● How to complete this task
From the data below, return only the lines from the one with "Dřevěné domky ve" through the one with "白い鶴は胡粉、金の鶴はぼかし", exact and inclusive, with pictures left out.

● Records
⁂

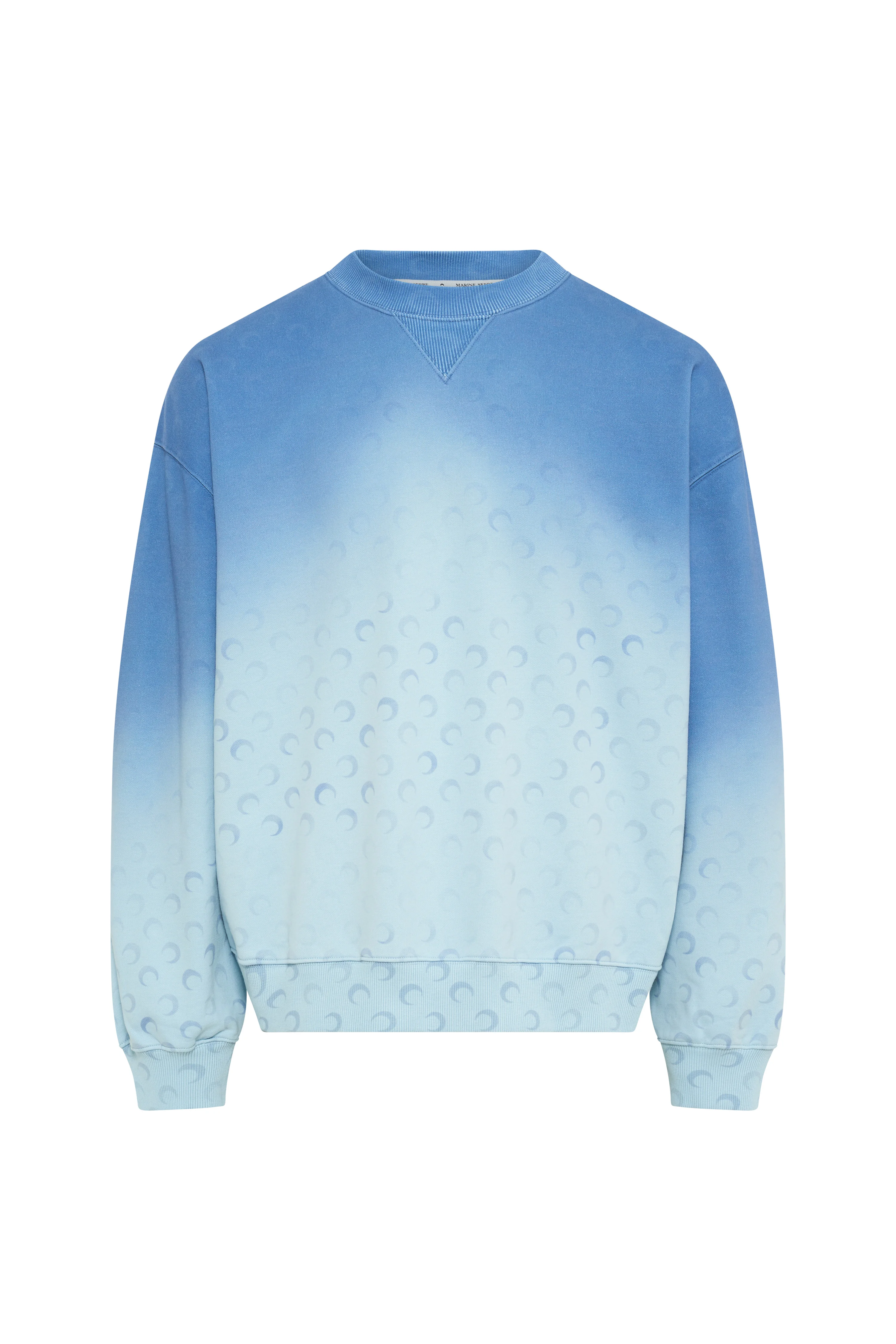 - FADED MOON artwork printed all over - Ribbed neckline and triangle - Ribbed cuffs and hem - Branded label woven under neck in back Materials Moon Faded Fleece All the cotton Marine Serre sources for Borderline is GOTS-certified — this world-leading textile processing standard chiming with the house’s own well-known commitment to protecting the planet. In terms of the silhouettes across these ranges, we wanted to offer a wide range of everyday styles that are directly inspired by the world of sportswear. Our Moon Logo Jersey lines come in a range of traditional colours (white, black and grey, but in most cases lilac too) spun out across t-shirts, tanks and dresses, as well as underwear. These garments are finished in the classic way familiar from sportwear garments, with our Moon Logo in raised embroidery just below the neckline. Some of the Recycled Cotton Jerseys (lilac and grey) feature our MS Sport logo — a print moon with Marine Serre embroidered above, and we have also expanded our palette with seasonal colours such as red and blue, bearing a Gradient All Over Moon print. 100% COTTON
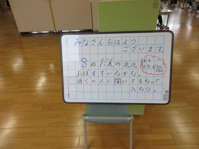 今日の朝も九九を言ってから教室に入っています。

⁂

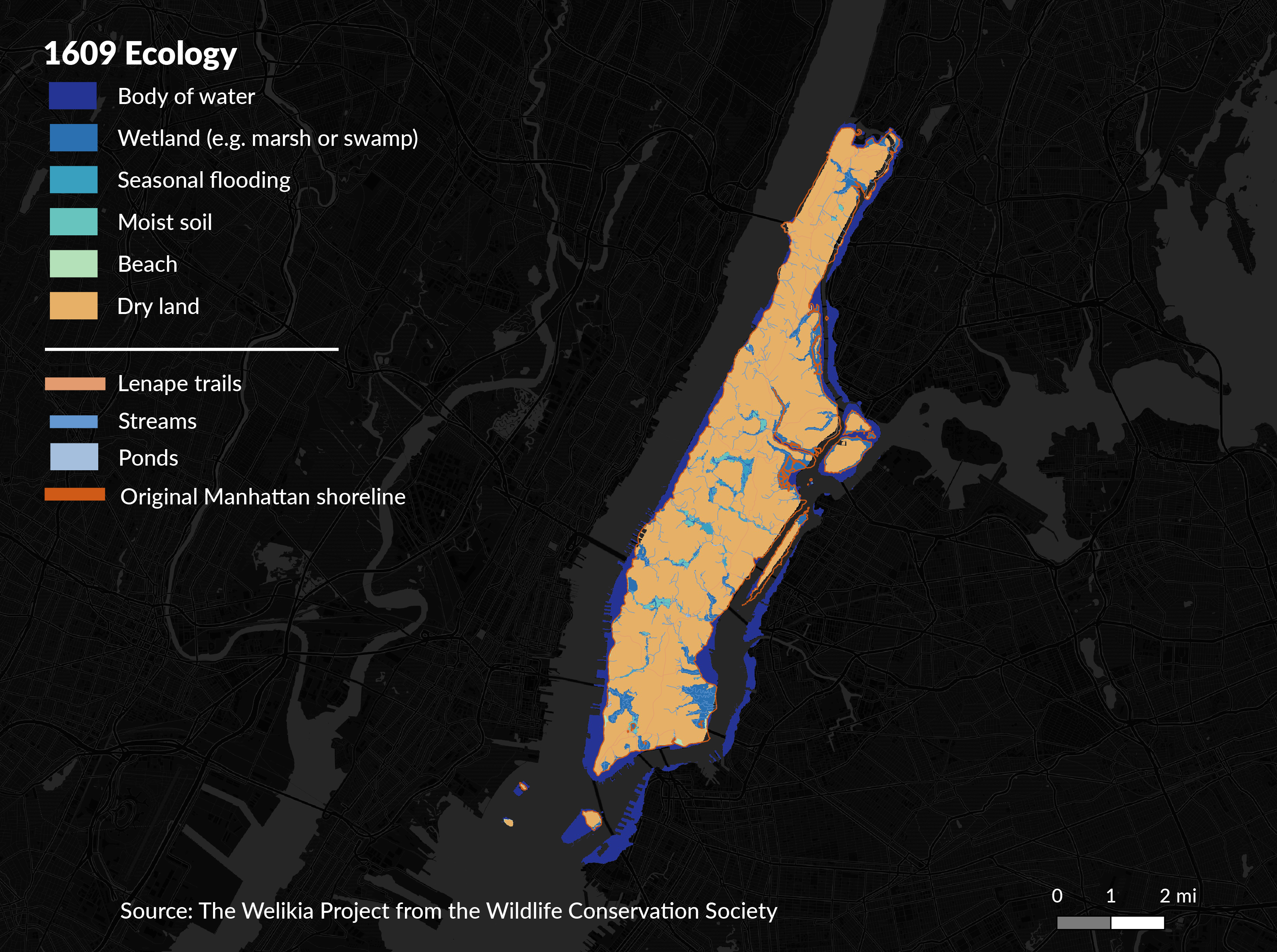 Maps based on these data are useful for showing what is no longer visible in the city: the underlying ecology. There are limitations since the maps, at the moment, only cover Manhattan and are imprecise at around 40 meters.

⁂

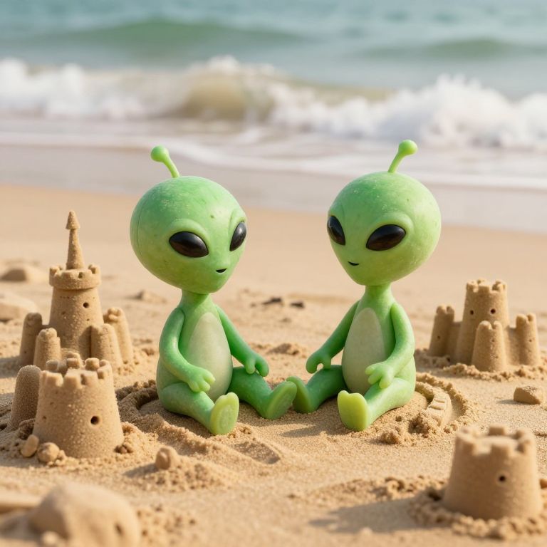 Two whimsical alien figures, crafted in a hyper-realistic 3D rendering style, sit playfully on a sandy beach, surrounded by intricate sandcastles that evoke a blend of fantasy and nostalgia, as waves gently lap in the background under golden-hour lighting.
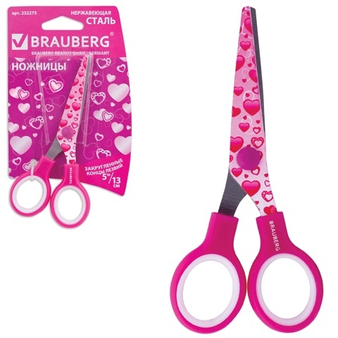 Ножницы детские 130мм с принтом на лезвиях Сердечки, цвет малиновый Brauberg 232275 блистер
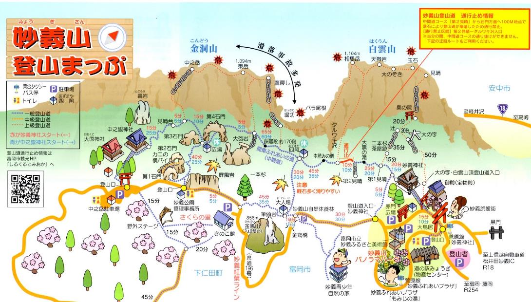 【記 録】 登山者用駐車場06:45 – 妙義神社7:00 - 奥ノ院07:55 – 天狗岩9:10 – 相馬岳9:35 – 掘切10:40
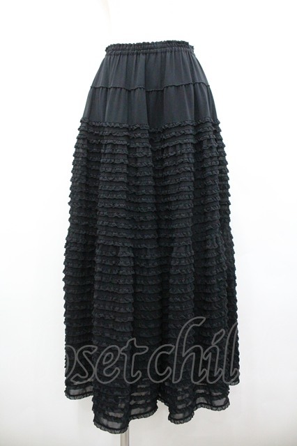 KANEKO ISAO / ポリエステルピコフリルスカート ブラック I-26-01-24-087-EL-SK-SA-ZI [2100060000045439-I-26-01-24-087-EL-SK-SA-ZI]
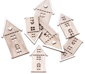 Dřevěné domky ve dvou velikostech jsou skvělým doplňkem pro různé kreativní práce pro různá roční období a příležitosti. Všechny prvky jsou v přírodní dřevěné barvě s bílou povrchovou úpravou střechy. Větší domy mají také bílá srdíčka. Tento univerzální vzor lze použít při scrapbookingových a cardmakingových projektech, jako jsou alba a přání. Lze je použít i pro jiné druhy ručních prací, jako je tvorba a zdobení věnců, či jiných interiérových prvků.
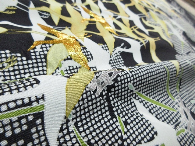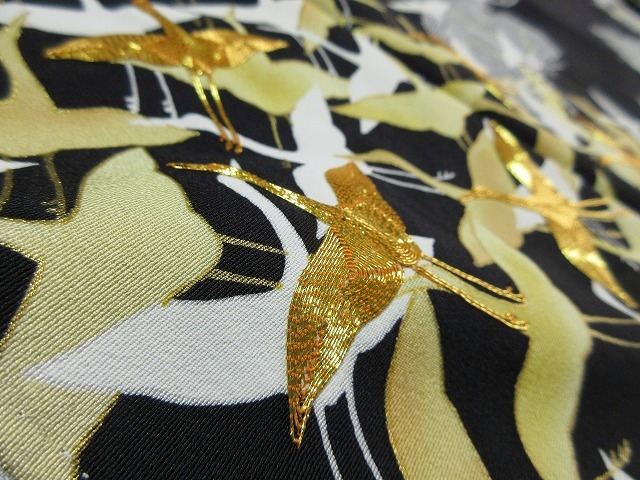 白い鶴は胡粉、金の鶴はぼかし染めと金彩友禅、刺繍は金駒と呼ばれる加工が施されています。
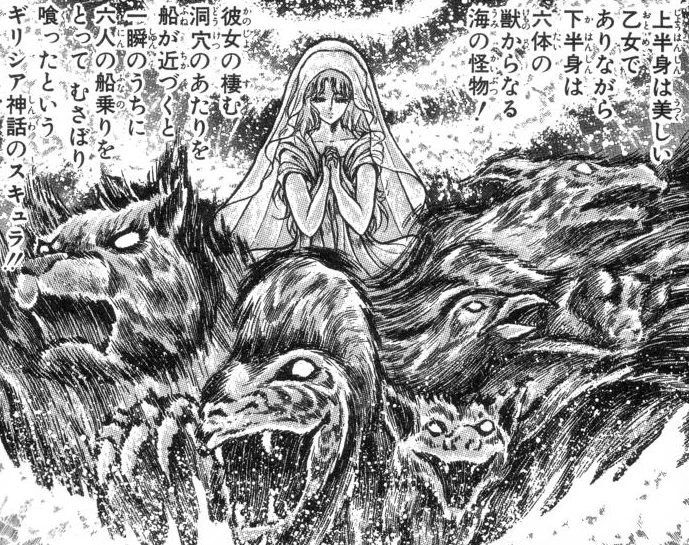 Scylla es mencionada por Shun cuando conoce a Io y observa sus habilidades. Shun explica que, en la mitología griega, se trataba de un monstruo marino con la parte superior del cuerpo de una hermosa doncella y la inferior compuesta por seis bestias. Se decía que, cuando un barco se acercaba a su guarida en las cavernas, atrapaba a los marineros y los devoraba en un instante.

⁂

● Task answer
 Dřevěné domky ve dvou velikostech jsou skvělým doplňkem pro různé kreativní práce pro různá roční období a příležitosti. Všechny prvky jsou v přírodní dřevěné barvě s bílou povrchovou úpravou střechy. Větší domy mají také bílá srdíčka. Tento univerzální vzor lze použít při scrapbookingových a cardmakingových projektech, jako jsou alba a přání. Lze je použít i pro jiné druhy ručních prací, jako je tvorba a zdobení věnců, či jiných interiérových prvků.
 白い鶴は胡粉、金の鶴はぼかし染めと金彩友禅、刺繍は金駒と呼ばれる加工が施されています。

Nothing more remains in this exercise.